Tuesday, May 6, 2008

Roundup of this week's legal developments

-- The Kansas Supreme Court today set limits on grand jury subpoenas in an investigation of a Kansas abortion provider, but refused to block the subpoenas altogether or strike down the law under which the grand jury convened. The Associated Press reports:

The Supreme Court declined to quash or modify the subpoenas or strike down the law. But it sent the case back to district court and set guidelines for the presiding judge to use to determine whether the subpoenas should be enforced.
“The court should satisfy itself that the grand jury has not engaged in an arbitrary fishing expedition and that the targets were not selected and subpoenas issued out of malice or with intent to harass,” Justice Lee Johnson wrote in the high court’s opinion. “If so, the court should quash the subpoenas.”
The Supreme Court said if the district court determines that both of those conditions are satisfied, it must consider patients’ privacy. It must allow Tiller’s clinic to remove all patient identifying information from the copies it provides to the grand jury, the high court said.
“The district court must consider the competing interests of the state and the patients,” Johnson wrote for the Supreme Court.
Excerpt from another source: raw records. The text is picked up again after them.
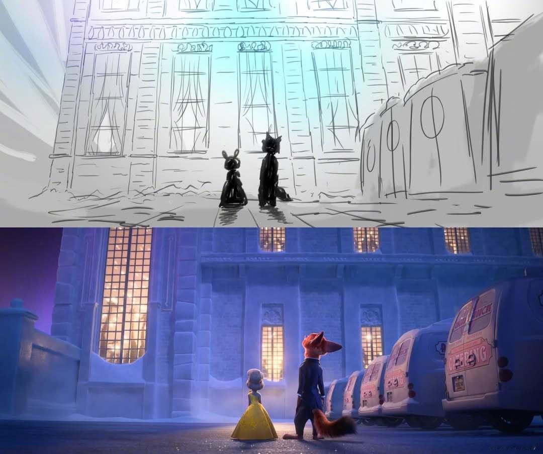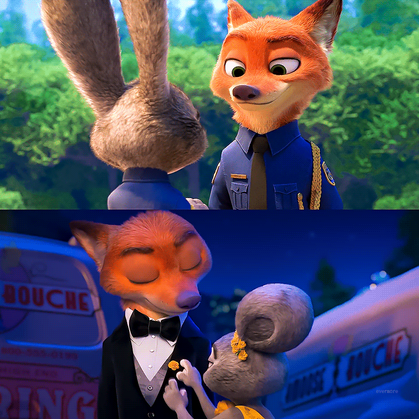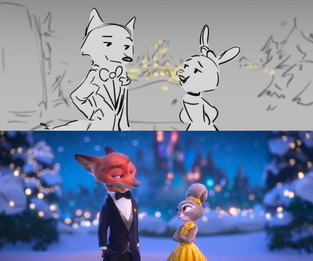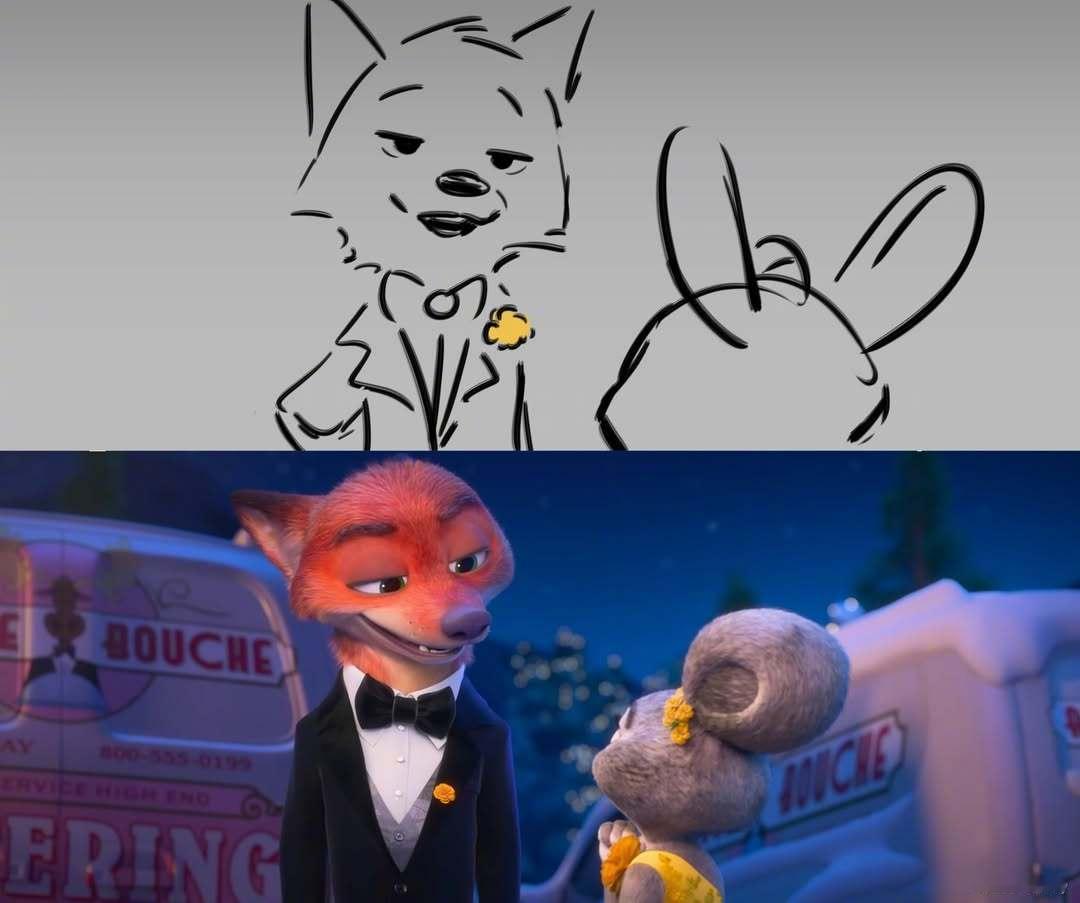 和朱迪尼克一起重返动物城《动物城2》故事板设计师Sandeepan Chanda,最新分享宴会场景的分镜脚本,他在ins补充了剧情构想幕后:“我们想强调尼克与朱迪的搭档关系依然牢固,他们依然彼此关心。导演建议添加一些有爱的小互动,比如朱迪给尼克整理领结什么的。我看过朱迪的晚礼裙设计稿上有花朵装饰,所以设计了她把花别在尼克的西装上。很开心这个小细节最终呈现在了电影里。”疯狂动物城2概念图中的尼克和朱迪 跨年电影愿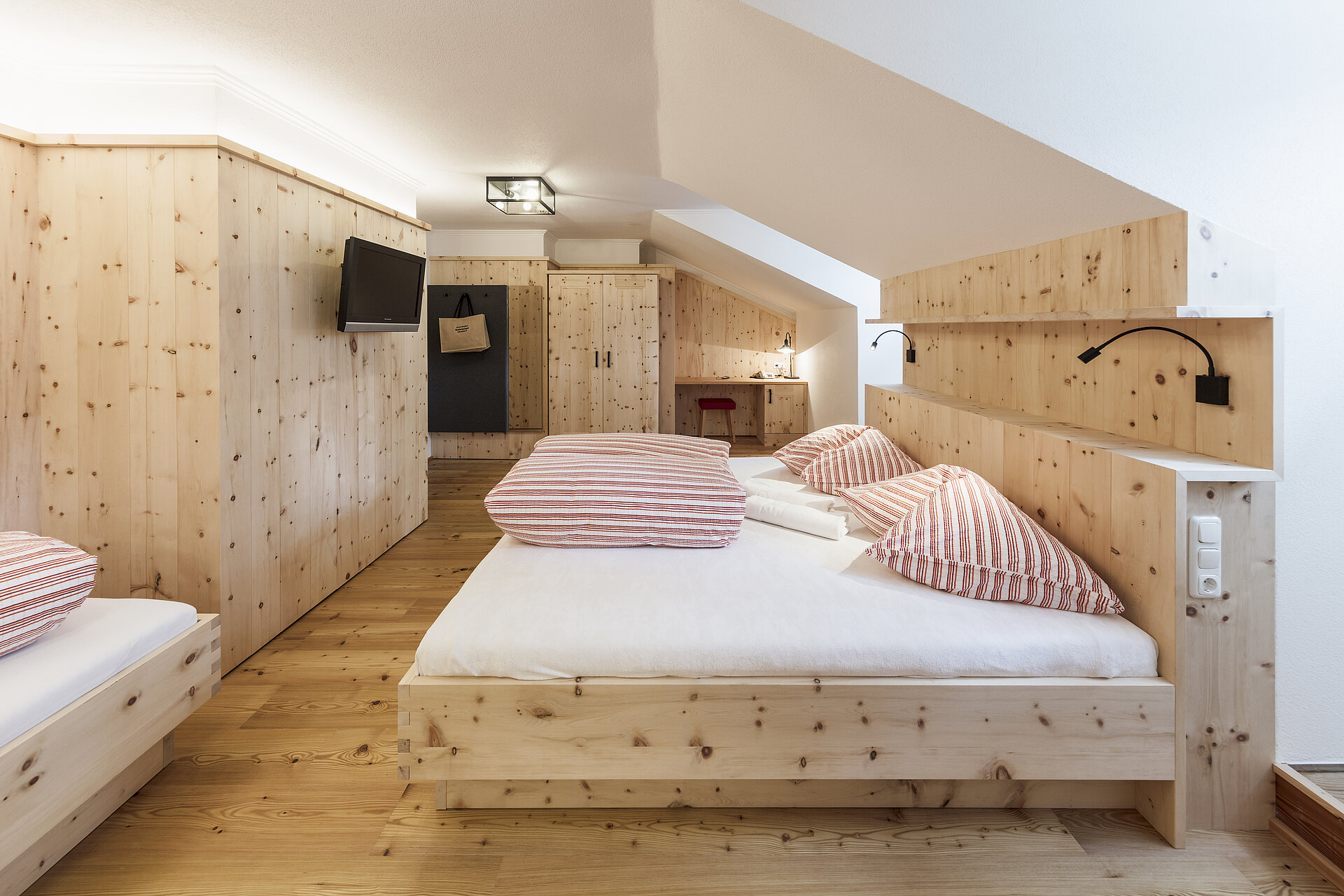 Die Zimmer im historischen Wirtshaus verzaubern durch eine besonders heimelige Atmosphäre. Die neuen Zimmer & Suiten sind mit viel hellem Holz und ideal dazu passender Möblierung ausgestattet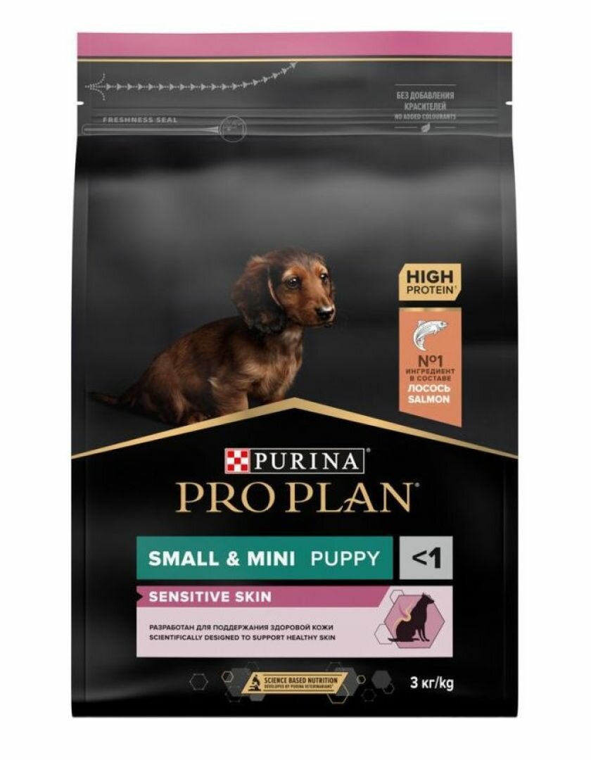 Сухой корм Pro Plan для щенков мелких и карликовых пород с чувствительной кожей с комплексом OPTIDERMA® с лососем и рисом, Пакет, 3 кг,Для щенков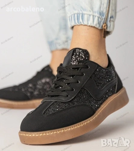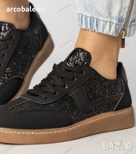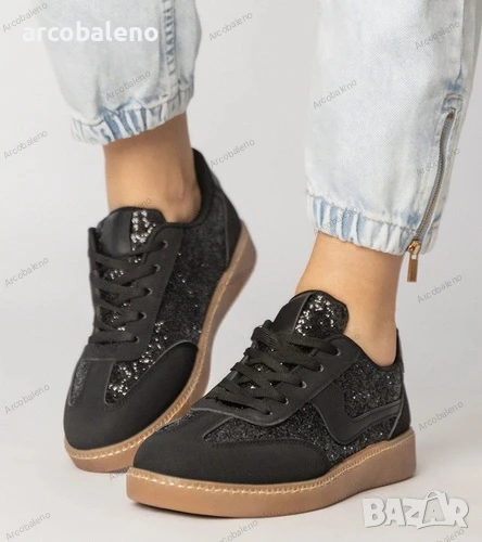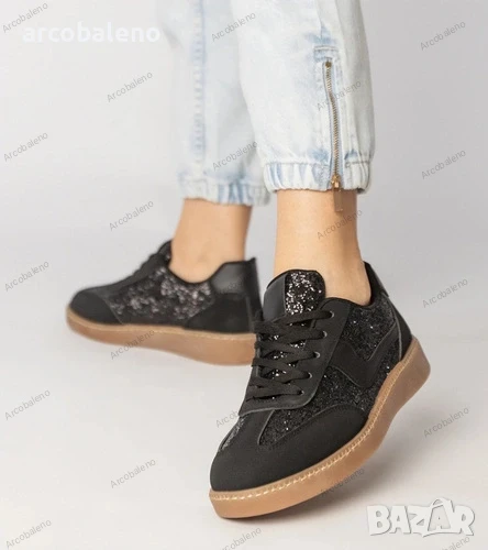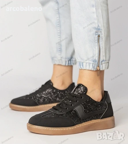 Изработени от най-висококачествени материали, тези маратонки, украсени с брокат, са перфектен избор както за ежедневно носене, така и за специални поводи. Универсалният им черен цвят ги прави лесни за съчетаване с разнообразни тоалети, от ежедневни до по-елегантни. Блестящите украшения им придават уникален и привличащ вниманието характер, гарантирайки, че винаги ще бъдете център на вниманието.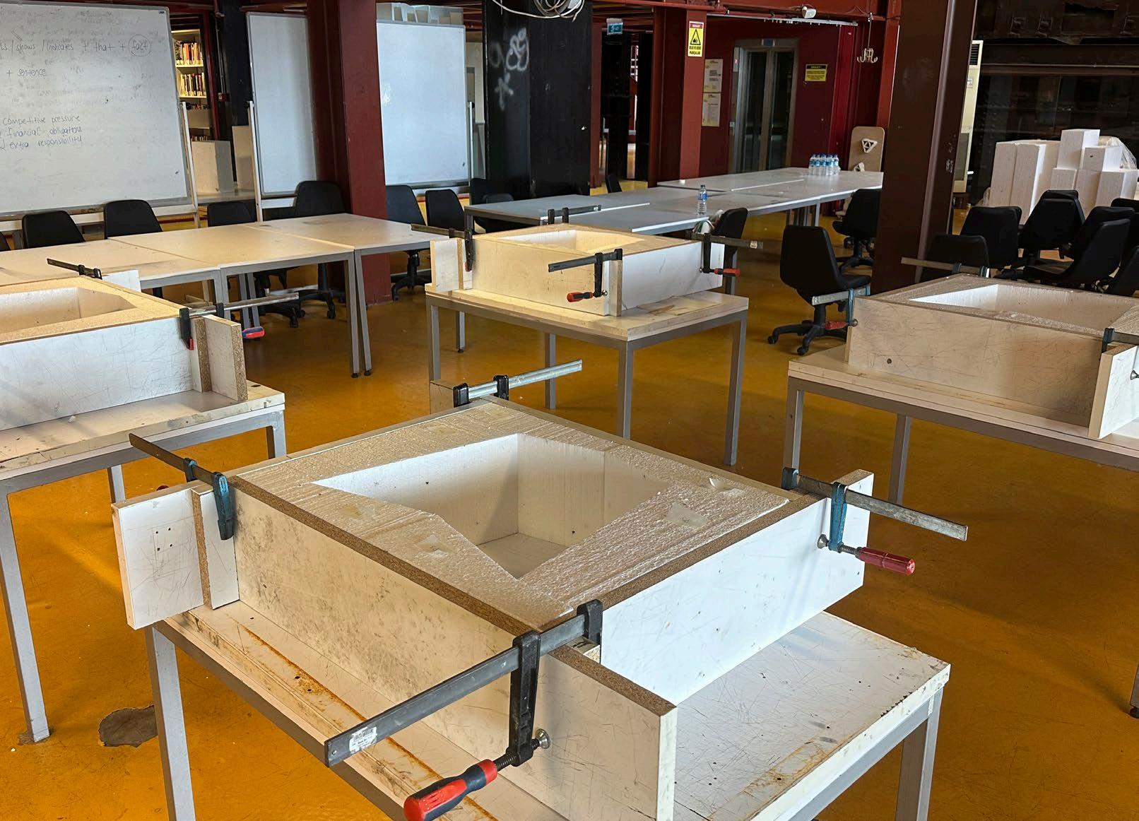 Various mixtures were tested, incorporating proportions of earth, lime, gypsum, pellets, and water. Material samples were assessed for their consistency, structural strength, and drying characteristics, ensuring suitability for robotic earth construction.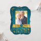 Esta elegante invitación para la foto del 50 aniversario de boda en azul verde y dorado con flores y volutas tiene una cinta dorada IMPRIMIR y un medallón de imitación de grabado en azul y dorado IMPRIMIR. Tiene un área de plantilla para que subas tu propia foto digital. Puedes eliminar el texto estilizado en cursiva "Aniversario de boda" o "50º". Todo el texto es personalizable, y también las opciones de papel. ****TEN EN CUENTA que si cambias a papel metálico dorado es un dorado muy oscuro y broncíneo y alterará los colores del diseño (vuelve la foto dorada, etc.), así que NO sugiero usar ese papel. El papel de fieltro también alterará ligeramente el color de tu foto. TAMBIÉN, si cambias las fuentes o tamaños de fuente, es posible que el texto no se ajuste correctamente. Zazzle no editará nada por errores tipográficos, alineación o cualquier otra cosa, y yo no veré tu invitación. Todo se imprimirá tal como aparece en tu monitor. Si necesitas ayuda con la invitación, por favor contáctame ANTES de hacer el pedido. Esta invitación está diseñada para ajustarse al tamaño 5x7 en tarjeta con forma curva. Si cambias a otro tamaño/forma, el diseño ya no se ajustará correctamente, así que si deseas un tamaño diferente, por favor contáctame para que pueda red

Notably, the court said that for all records subpoenaed, an independent attorney and physician must ensure the redaction of all information not relevant to the investigation, regardless of whether the information is considered "patient-identifying" information. Bottom line, though: the case is remanded, the abuse of the state justice system to harass health care providers continues.

-- Workplace Law Profs Blog notes an interesting case in which a University of Toledo employee, charged with overseeing the school's equal employment policies, wrote an editorial in a local paper -- which argued vigorously that gay and lesbian people shouldn't be protected from discrimination. Normally, public employees' off-the-job political speech is protected, but there's a very interesting question here of whether a statement like this so undermines the employer, and the particular employee's job responsibilities, as to cross the line into unprotected speech.

-- A Pennsylvania state appellate court held (pdf; see also report here) - over one judge's dissent - that a city could shut down a restaurant that provided an area for patrons to have sex, because sex is not an "accessory use" permitted by its restaurant permit. The dissenting judge compared patron sexual activity to karaoke, cabaret, and off-track betting: not typical for restaurants, but consistent with the types of entertainment that some restaurants are known to provide. This may seem like a weird case, but this kind of business model sounds like a winner for businesses catering to the swing community.